NotImplementedError: Loglikelihood (and therefore `multiple_choice`-type tasks) is not supported for chat completions as OpenAI does not provide prompt logprobs. See https://github.com/EleutherAI/lm-evaluation-harness/issues/942#issuecomment-1777836312 or https://github.com/EleutherAI/lm-evaluation-harness/issues/1196 for more background on this limitation.

Oh wait? What's happening here? Well - most of these multiple-choice benchmarks use loglikelihood to understand what the choice is with the highest probability. This is a bit weird - since it's not the methodology outlined in the original GPQA paper. However, seems to be a deliberate choice to maintain the framework consistent.²

However, there's another benchmark we could run and appears to work - the zero-shot chain-of-thought one.

lm-eval --model openai-chat-completions \
        --model_args model=gpt-4o-mini,num_concurrent=10,max_retries=3 \
        --tasks gpqa_main_cot_zeroshot \ #<- cot version
        --apply_chat_template \
        --output_path results \
        --log_samples \
        --wandb_args project=lmeval \
        --use_cache model_cache

This gives us:

|        Tasks         |Version|     Filter     |n-shot|  Metric   |   |Value |   |Stderr|
|----------------------|------:|----------------|-----:|-----------|---|-----:|---|-----:|
|gpqa_main_cot_zeroshot|      1|flexible-extract|     0|exact_match|↑  |0.1205|±  |0.0154|
|                      |       |strict-match    |     0|exact_match|↑  |0.0000|±  |0.0000|

Now, I haven’t dug too deeply into these results for the COT version, but they seem very low since they rely on the flexible-extract metric, which could perform poorly if it’s regex-based. One thing we notice is that the prompt used here is closer to the original one from the paper. However, it lacks the two-model-call approach outlined there.

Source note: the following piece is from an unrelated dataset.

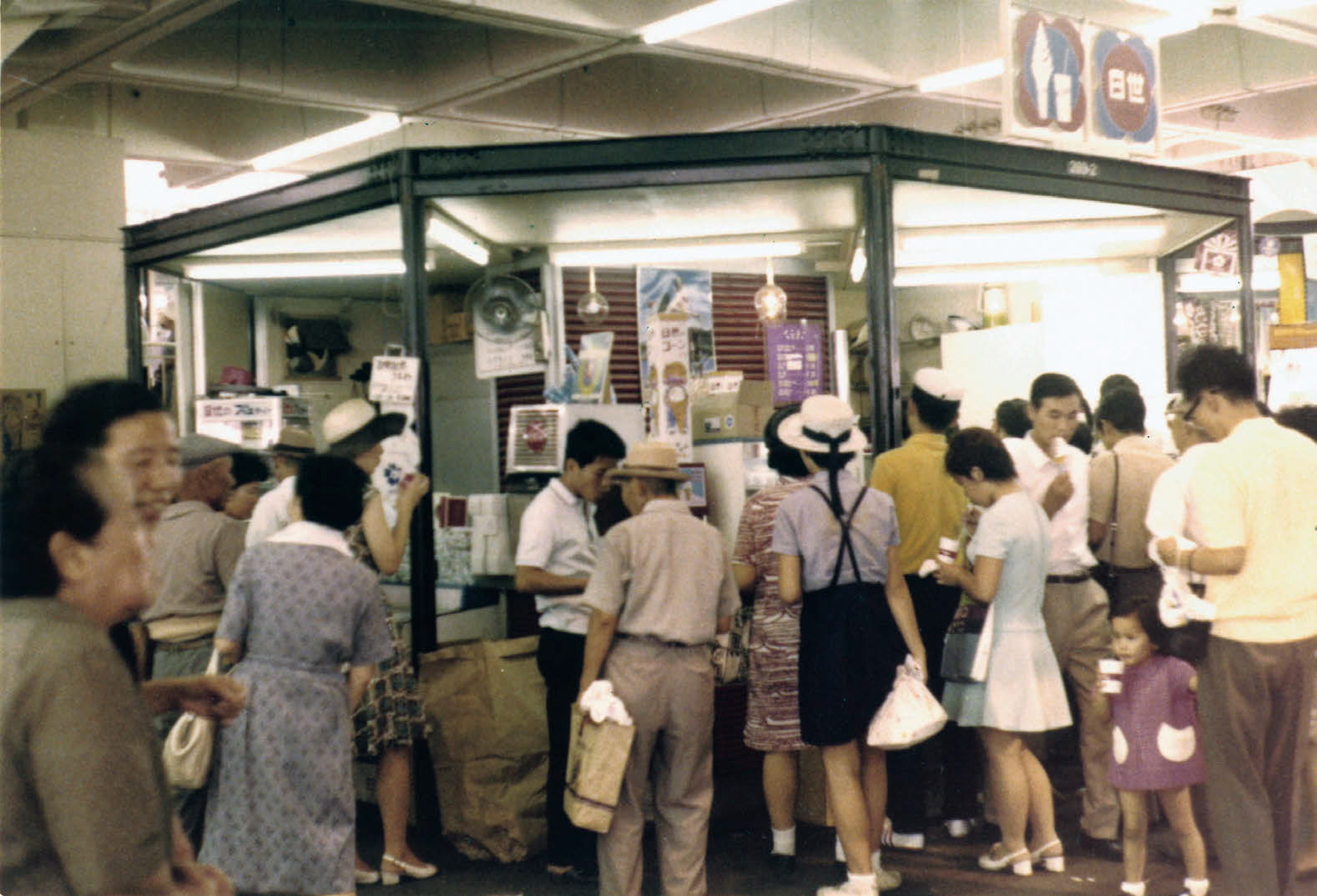 1970年の大阪万博の際に出店したブース。同社は国産フリーザーの開発などを経て少しずつソフトクリームの認知度を伸ばしていたが、70年の出店を機に大流行。太陽の塔の近くなどに設置した直営店は連日賑わった。
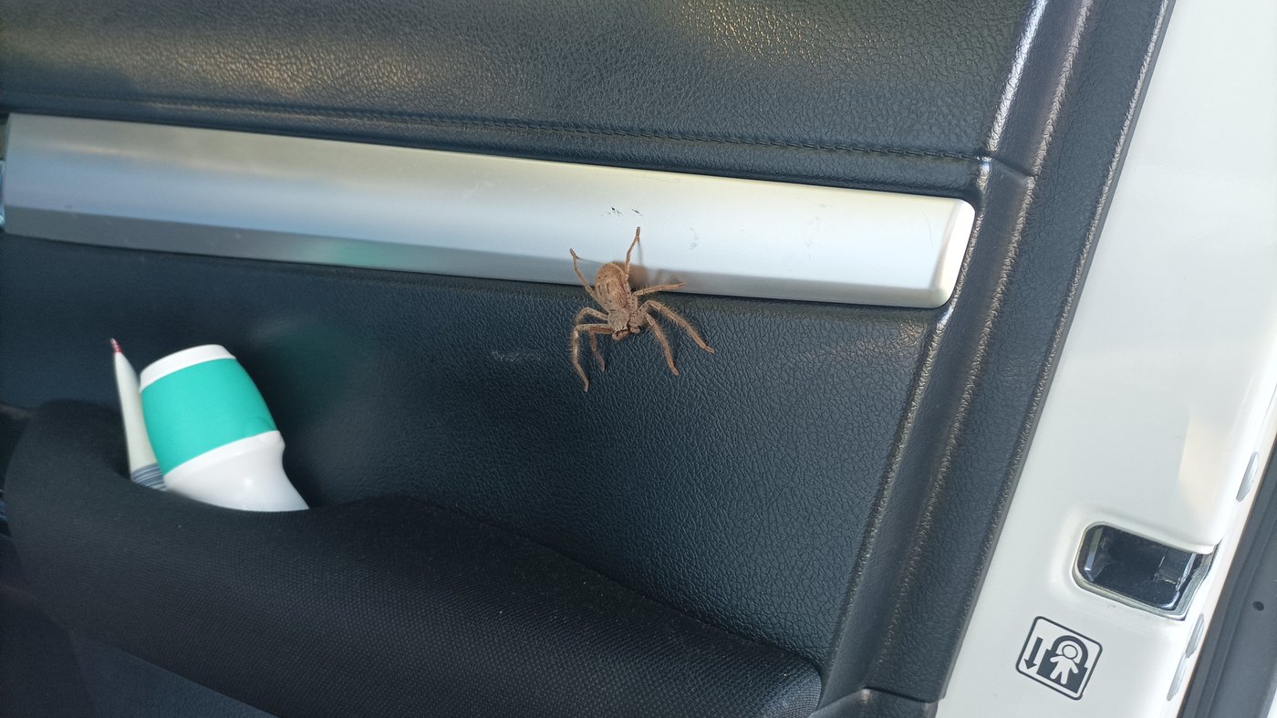 Der Huntsman wächst handtellergroß und zählt zu den geliebten Tieren Australiens, den Spinnen. Bei der Abreise aus Melbourne auf dem Highway krabbelte doch glatt ein Huntsman, zum Glück außen die Windschutzscheibe hoch. Thomas der Fahrer bleibt cool und die Spinne verschwindet auf dem Autodach. Dachten der Fahrtwind weht ihn davon, doch 3 Tage später, hatten ihn schon längst vergessen, öffnet Susi die Autotür und wer sitzt auf der Innenseite der Tür? Der Huntsman, wahrscheinlich der von vor 3 Tagen. Susi wird nervös, findet dennoch den Mut ein Foto zu machen, bevor Thomas ihn mit dem Handtuch auf die Wiese wischt und er ward nicht mehr gesehen. Dachten wir. Ne Stunde später sitzt Thomas im Windschatten von Snowy im Stuhl, liest, und wer sitzt plötzlich auf der Jeans von Thomas, unser Huntsman. Irgendwann ist Schluss mit lustig und diesen Zug überlebt der Huntsman nicht. Die Jungs, so lernen wir sind ziemlich ortstreu. Dabei ist der Huntsman weder giftig noch aggressiv, nur groß. Doch wir sind über seine Nähe not amused. Die Kerle haben es eh nicht leicht, Feinde wie Reptilien, Vögel, Menschen …. überall.

At this point, I was starting to lose faith in this entire evaluation system. What’s the most straightforward way to achieve an interesting score on this benchmark? Something that can work for any model, whether open or closed?

Running GPQA zero-shot with DsPy

DSPy is a great framework out of Standford that provides some structure around prompting for LLMs. It also provides some great optimizers so we can programatically optimize a prompt without having to write much of it.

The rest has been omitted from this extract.